Military watches from an army-inspired Tudor tool watch to a historically commissioned pieces from the Longines archives. It doesn't matter whether you're an armed forces nut or just love the rugged aesthetic, these three timepieces are perfect for whatever you can throw at them:
Tudor Black Bay 41 on a camo strap
After the success of the Black Bay 36mm in 2016, Tudor received such demand for a larger version that it unveiled the Black Bay 41 at this year’s Baselworld. But it would be unfair to say that this was just a larger version of the same watch – well, strictly speaking it is, but the case design has been carefully considered to keep it as streamlined as its slim little brother. While it’s military credentials aren’t especially obvious, save for a very handsome camouflage NATO strap, the highly serviceable 38-hour power reserve on its ETA 2824 movement certainly harks back to the days when these dependable tool watches were in the trenches. These days, it just makes for a versatile beater for the everyday – and at a great price point, too.
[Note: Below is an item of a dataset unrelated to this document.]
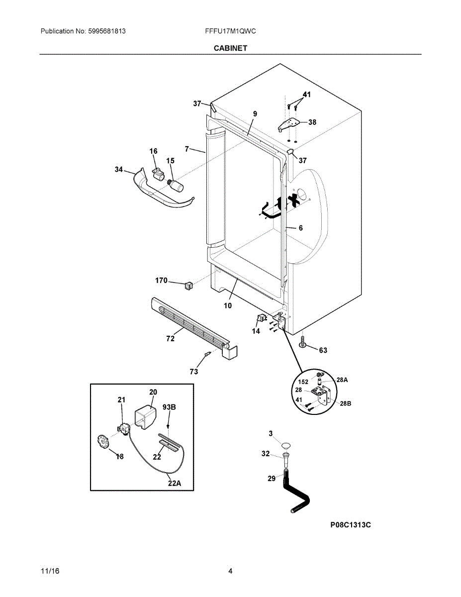 The Door switch is an OEM replacement part for Frigidaire refrigerators. This part turns the light on/off as the door opens and closes. Causes of a faulty door switch include normal wear of electrical contacts from repetitive on/off cycles. Moisture exposure may potentially corrode internal connections. Symptoms of a bad light/switch include:

£1,790; for more information, see tudorwatch.com
Longines Heritage Military L2.818.104.22.168
Delving into the archives for its latest timepiece, Longines has released a modern update to a classic military watch dating back to 1918. Like the original, the dial is dominated by strikingly large Arabic numerals and a sub-seconds dial – offering excellent legibility on the battlefield, you might say – but the brand has increased the case size to 44mm and lengthened the lugs to bring it in line with modern tastes, while also adding elegant cathedral hands to the aesthetic. Inside, an ETA self-winding L615.3 movement offers an impressive 42-hour power reserve for added convenience to this attractive timepiece. Really, though, this is a bold and beautiful example of why keeping one eye on the past can still create excellent watches for the modern wrist.
£1,390; for more information, see longines.com
Breitling Avenger Blackbird Boutique Edition
No watch shouts masculinity with quite the same throaty rasp as Breitling’s Avenger Blackbird. At 48mm, it’s one hefty unit, but thanks to a lightweight titanium case construction and inward curving lugs it’s surprisingly wearable as well as tough as nails. The self-winding Breitling 17 movement boasts a 40-hour power reserve is ready for war (not that you’ll be going anywhere near one of those), while this boutique version also features a carbon fibre dial and a painted pinup girl figure on its caseback. Like much of this watch, this is straight out of the 40s: grab your bomber jacket and wayfarers, and strap the Avenger Blackbird to your wrist.